Raises Reason::decode_error() if the file's contents aren't valid CSV, or
a binary "Filename: Reason" message (see file:format_error/1) if the
file can't be read.
Example
1> glazer_csv:read_file("data.csv").
[[<<"a">>,<<"b">>],[<<"1">>,<<"2">>]]
-spec read_file(file:name_all(), decode_opts()) -> [[binary()]] | [map()].
Read Filename and decode its contents as CSV, with decode options
(see decode/2).
-spec stream_decoder() -> stream_decoder().
Create a new incremental decoder for feeding CSV in chunks (e.g. from a socket or file), useful when the whole input isn't available up front.
Each complete row is decoded as soon as its terminating line break is seen,
via decode/2 on that single row. Only the row
boundary detection is incremental — a small byte-scanner tracks whether
the cursor is inside a quoted field across chunks, so that \n/\r\n
inside quoted fields doesn't end a row.
With the headers option, the first complete row is captured as the header
and used to decode every subsequent row as a map; no row is emitted for the
header itself.
Example
1> D0 = glazer_csv:stream_decoder(),
2> {Rows1, D1} = glazer_csv:stream_feed(D0, <<"a,b\n1,2\n3,">>),
3> Rows1.
[[<<"a">>,<<"b">>],[<<"1">>,<<"2">>]]
4> {Rows2, D2} = glazer_csv:stream_feed(D1, <<"4\n">>),
5> Rows2.
[[<<"3">>,<<"4">>]]
6> glazer_csv:stream_eof(D2).
{ok, []}
-spec stream_decoder(decode_opts()) -> stream_decoder().
Create a new incremental CSV decoder, passing Opts through to every
decode/2 call.
-spec stream_eof(stream_decoder()) -> {ok, [[binary()]] | [map()]} | {error, term()}.
Signal end-of-stream: decode any remaining buffered bytes as a final row (useful when the input doesn't end with a trailing line break).
Returns {ok, Rows} with zero or one trailing row, or {error, Reason} if
the remaining bytes don't form a valid row.
Example
1> D0 = glazer_csv:stream_decoder(),
2> {Rows1, D1} = glazer_csv:stream_feed(D0, <<"a,b\n1,2">>),
3> Rows1.
[[<<"a">>,<<"b">>]]
4> glazer_csv:stream_eof(D1).
{ok, [[<<"1">>,<<"2">>]]}
-spec stream_feed(stream_decoder(), binary() | iolist()) -> {[[binary()]] | [map()], stream_decoder()}.
Feed a chunk of bytes into the decoder, returning any complete CSV rows found so far (in order) along with the updated decoder.
Raises the same exceptions as decode/2 if a row that
the scanner deemed complete fails to decode.
Example
loop(Socket, D0) ->
case gen_tcp:recv(Socket, 0) of
{ok, Chunk} ->
{Rows, D1} = glazer_csv:stream_feed(D0, Chunk),
handle_rows(Rows),
loop(Socket, D1);
{error, closed} ->
case glazer_csv:stream_eof(D0) of
{ok, Trailing} -> handle_rows(Trailing);
{error, Reason} -> handle_truncated_stream(Reason)
end
end.
-spec try_decode(binary() | iolist()) -> {ok, [[binary()]]} | {error, decode_error()}.

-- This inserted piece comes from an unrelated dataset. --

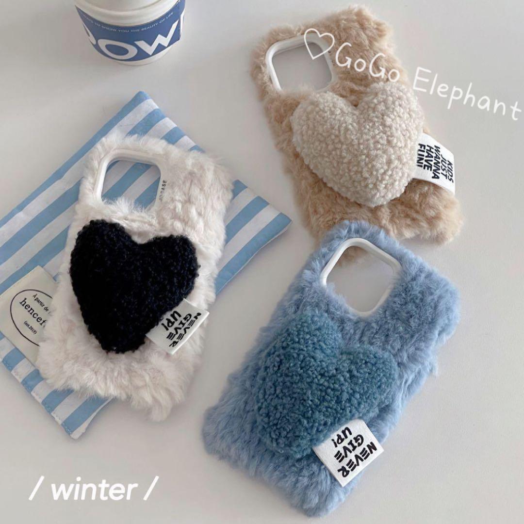 韓国♡ふわふわ 可愛い ハートグリップ♪ もこもこ スマホ iPhoneケース
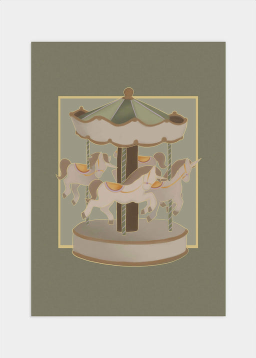 Ett stilrent och modernt barnmotiv i gröna och beige-gråa toner. Motivet föreställer en karusell med hästar. Motivets detaljer går i gula, lila ...

Decode a CSV binary or iolist, returning {ok, Rows} or
{error, Reason} instead of raising, where Reason is a
decode_error().
-spec try_decode(binary() | iolist(), decode_opts()) -> {ok, [[binary()]] | [map()]} | {error, decode_error()}.

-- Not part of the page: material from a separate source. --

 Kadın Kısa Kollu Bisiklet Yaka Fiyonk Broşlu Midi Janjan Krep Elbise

Decode a CSV binary or iolist with options, returning {ok, Rows} or
{error, Reason} instead of raising, where Reason is a
decode_error().
-spec write_file(file:name_all(), [[term()]] | [map()]) -> ok.

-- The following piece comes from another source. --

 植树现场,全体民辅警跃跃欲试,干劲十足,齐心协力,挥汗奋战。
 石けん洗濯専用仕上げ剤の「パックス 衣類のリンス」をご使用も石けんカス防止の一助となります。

Encode Data to CSV and write it to Filename, overwriting any existing
file.
Raises a binary "Filename: Reason" message (see file:format_error/1)
if the file can't be written.
Example
1> glazer_csv:write_file("data.csv", [[<<"a">>,<<"b">>],[1,2]]).
ok
-spec write_file(file:name_all(), [[term()]] | [map()], encode_opts()) -> ok.
Encode Data to CSV with encode options (see encode/2) and write it to
Filename, overwriting any existing file.